Später kamen sie beide mit Sams Pick-up vorbei. Und wir fuhren ins Big Boy, so wie immer. Sam erzählte uns von ihrem Leben im College, das sehr aufregend klang. Und ich erzählte ihr von meinem Leben in der Klinik, von dem man das nicht gerade behaupten konnte. Und Patrick machte Witze, damit wir auch ehrlich blieben. Dann stiegen wir wieder in Sams Pick-up, und genau wie Sam versprochen hatte, fuhren wir Richtung Tunnel.

Etwa eine halbe Meile vor dem Tunnel hielt Sam an, und ich kletterte nach hinten. Patrick drehte das Radio richtig laut, und während wir auf den Tunnel zufuhren, hörte ich der Musik zu und dachte an all die Dinge, die man mir das letzte Jahr über gesagt hatte. Ich dachte an Bill, der mir gesagt hatte, dass ich etwas Besonderes sei. Und an meine Schwester, die mir gesagt hatte, dass sie mich lieb hat. Genau wie meine Mutter. Und selbst mein Bruder und mein Vater, als ich in der Klinik war. Ich dachte an Patrick, der mich seinen Freund genannt hatte. Und ich dachte an Sam, die mir gesagt hatte, dass ich etwas »tun« sollte. Wirklich da sein. Und ich dachte, wie wunderbar es war, Freunde zu haben, und eine Familie.

Als wir dann in den Tunnel fuhren, hob ich nicht meine Arme, als ob ich flöge. Ich ließ mir einfach nur den Wind über das Gesicht streichen. Und ich begann zu weinen und zugleich zu lächeln. Denn ich konnte nicht anders, als tiefe Liebe für Tante Helen zu empfinden, die mir immer zwei Geschenke gekauft hatte.

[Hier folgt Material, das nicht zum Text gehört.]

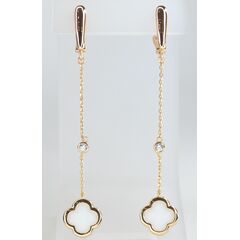 Серьги из гипоаллергенного ювелирного сплава желтого цвета. Вставка- фианит и перламутр белого цвета. Высота серег-5,0см.,подвесная часть серег (размер-1,2/1,2см). Английский замок (швенза-1,0см).
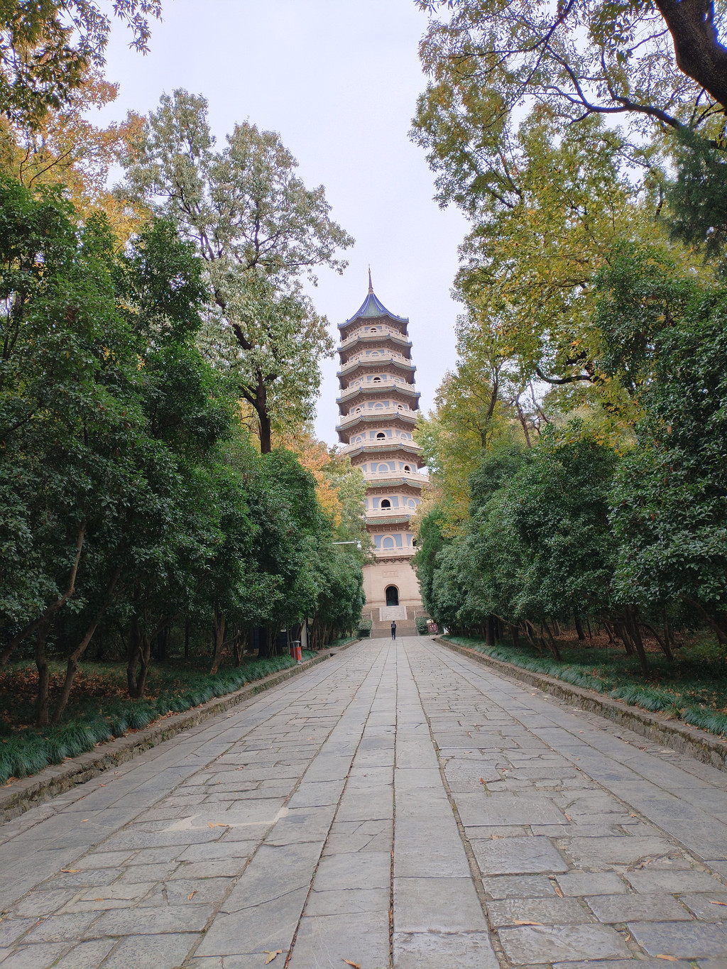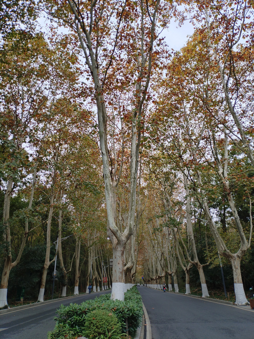 位于钟山东麓的灵谷景区,梧桐和银杏满树金黄,枫树和乌桕红叶满枝。站在灵谷塔上远眺,钟山的满坡树林颜色五彩缤纷。

Und ich hoffte so sehr, dass das Geschenk, das ich meiner Mutter zu meinem Geburtstag kaufen würde, etwas Besonderes sein würde. Und ich hoffte so sehr, dass meine Schwester und mein Bruder und Sam und Patrick und alle anderen glücklich sein würden.

Vor allem aber musste ich weinen, weil ich mir plötzlich der Tatsache bewusst wurde, dass ich es war, der dort in dem Tunnel war, den Wind im Gesicht. Und es kümmerte mich nicht, dass ich gleich die Stadt sehen würde. Daran dachte ich nicht einmal. Denn ich war im Tunnel. Und ich war wirklich da. Und das war genug, um mich grenzenlos zu fühlen.

Morgen beginnt mein zweites Jahr an der Highschool. Und ob Du es glaubst oder nicht, ich habe wirklich keine Angst davor. Ich weiß nicht, ob ich dann noch Zeit zum Briefeschreiben haben werde, denn womöglich werde ich zu sehr damit beschäftigt sein, »teilzunehmen«.

Sollte das also mein letzter Brief sein, dann glaub mir bitte, dass es mir gut geht, und auch wenn jetzt noch nicht, dann bestimmt sehr bald.

Und von Dir werde ich dasselbe glauben.